# Solution to kitten peeing on the bed!!



## Remote Control (Jul 21, 2008)

We adopted 2 kittens about 8 weeks ago. Kitten #1 (the alpha kitten, for sure) decided on day 4 that she would pee in our bed, but ONLY when we were it in. All other times, she would use the box. We did a lot of trial and error, and came up with a solution (knock wood) and I wanted to share it with you in hopes that it will help someone!

1. Took her to the vet and she was negative for a UTI
2. Washed all our linens in Natures Miracle (3 times) and also spot cleaned the mattress.
3. Pinned a heavy duty shower curtain to the comforter. Rumor has it that cats won't pee on plastic....well, she did, but only once and only on the first day it was on the comforter.
4. Every morning and evening before bed, we sprayed Feliway on the comforter/shower curtain.
5. Every morning when I woke up and every evening before we went to bed, I put her in the box and praised her like mad when she peed in the box. 
6. Every morning and evening before bed, I would scoop out the litter. We have 2 boxes, one in our bedroom and one in our office. The kitten in question is a huge busy body, so she always has to check out my scooping job. She usually ended up in the box, if nothing else than to rearrange the sand that I didn't arrange correctly! I praised her the whole time. The good news is that she is in and around the box in a positive way.
7. After a week of no peeing, we turned the comforter over, so that the shower curtain was on the bottom.
8. After another week of no peeing, we took off the shower curtain. 

Sleeping under a shower curtain is really, really hot and we must have each sweated off 10 pounds!!! 

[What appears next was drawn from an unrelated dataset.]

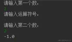 System.out.println("请输入第一个数:"); Scanner in = new Scanner(System.in); String str1 = in.next(); System.out.println("请输入运算符号:"); String flag = in.next(); System.out.println("请输入第二个数:"); String str2 = in.next(); if(flag.equals("-")){ System.out.println(Double.parseDouble(str1) - Double.parseDouble(str2)); } if(flag.equals("/")){ if (Double.parseDouble(str2) == 0) { throw new Exception("除数不能为0!"); }else { System.out.println(Double.parseDouble(str1) / Double.parseDouble(str2)); } } if(flag.equals("*")){ System.out.println(Double.parseDouble(str1) * Double.parseDouble(str2)); } if(flag.equals("+")){ System.out.println(Double.parseDouble(str1) + Double.parseDouble(str2)); } }

I don't know if she just grew out of the behavior, or if she decided that she no longer had to dominate the bed, or if the curtain and Feliway did the trick, but we're at 4 weeks with no peeing on the bed! She's getting fixed later next month, so hopefully there won't be any changes. I hope this helps those who are going through the same thing!


----------



## Smirkitty (Apr 19, 2008)

That was a pretty danged clever solution!


----------



## Loen210 (Jul 19, 2008)

*Applause to you, AND here's an article just written*

Applause, Applause to you! 
Congrats; it sounds like you did a wonderful job! An dthe curtain idea was so smart (though uncomfortable sounding, hun?!). ;o)


----------